■ PROBLEM
Leave out the pictures and restate the rest of the data exactly.

■ DATA SHOWN
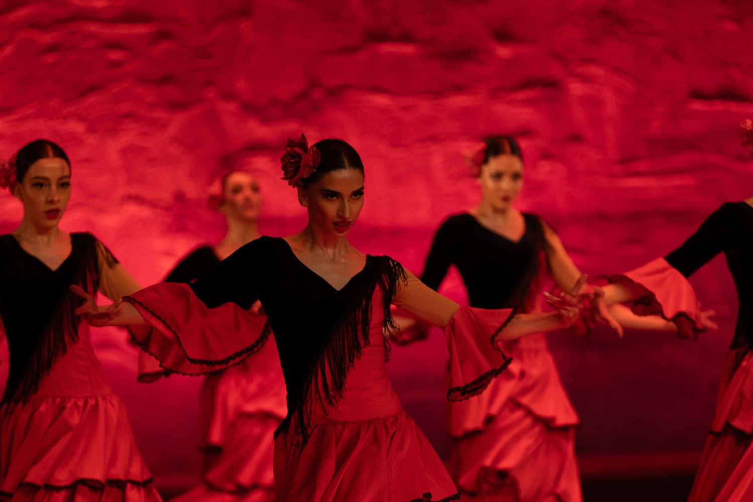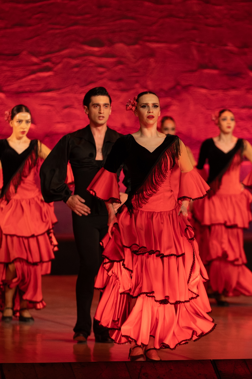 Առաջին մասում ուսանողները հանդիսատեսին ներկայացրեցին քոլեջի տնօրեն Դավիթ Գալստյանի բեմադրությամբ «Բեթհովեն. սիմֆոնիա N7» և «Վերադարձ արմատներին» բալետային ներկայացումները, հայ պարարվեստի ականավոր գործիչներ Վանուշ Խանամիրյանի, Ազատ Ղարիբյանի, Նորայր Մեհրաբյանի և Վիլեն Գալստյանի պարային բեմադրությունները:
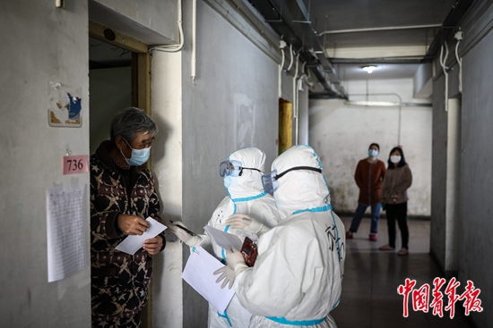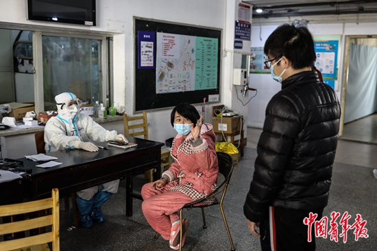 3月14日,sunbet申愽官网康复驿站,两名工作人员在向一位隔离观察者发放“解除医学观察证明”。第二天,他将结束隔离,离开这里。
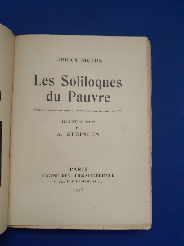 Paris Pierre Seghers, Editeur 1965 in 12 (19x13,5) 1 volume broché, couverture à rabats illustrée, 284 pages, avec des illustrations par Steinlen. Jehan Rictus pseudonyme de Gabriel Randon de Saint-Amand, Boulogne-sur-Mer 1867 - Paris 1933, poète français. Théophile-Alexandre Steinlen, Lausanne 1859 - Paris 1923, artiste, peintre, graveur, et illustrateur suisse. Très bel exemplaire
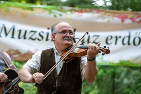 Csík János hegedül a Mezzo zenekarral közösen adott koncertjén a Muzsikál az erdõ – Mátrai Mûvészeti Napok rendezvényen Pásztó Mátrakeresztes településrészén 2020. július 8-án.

■ RESPONSE TO THE EXERCISE
 Առաջին մասում ուսանողները հանդիսատեսին ներկայացրեցին քոլեջի տնօրեն Դավիթ Գալստյանի բեմադրությամբ «Բեթհովեն. սիմֆոնիա N7» և «Վերադարձ արմատներին» բալետային ներկայացումները, հայ պարարվեստի ականավոր գործիչներ Վանուշ Խանամիրյանի, Ազատ Ղարիբյանի, Նորայր Մեհրաբյանի և Վիլեն Գալստյանի պարային բեմադրությունները:
 3月14日,sunbet申愽官网康复驿站,两名工作人员在向一位隔离观察者发放“解除医学观察证明”。第二天,他将结束隔离,离开这里。
 Paris Pierre Seghers, Editeur 1965 in 12 (19x13,5) 1 volume broché, couverture à rabats illustrée, 284 pages, avec des illustrations par Steinlen. Jehan Rictus pseudonyme de Gabriel Randon de Saint-Amand, Boulogne-sur-Mer 1867 - Paris 1933, poète français. Théophile-Alexandre Steinlen, Lausanne 1859 - Paris 1923, artiste, peintre, graveur, et illustrateur suisse. Très bel exemplaire
 Csík János hegedül a Mezzo zenekarral közösen adott koncertjén a Muzsikál az erdõ – Mátrai Mûvészeti Napok rendezvényen Pásztó Mátrakeresztes településrészén 2020. július 8-án.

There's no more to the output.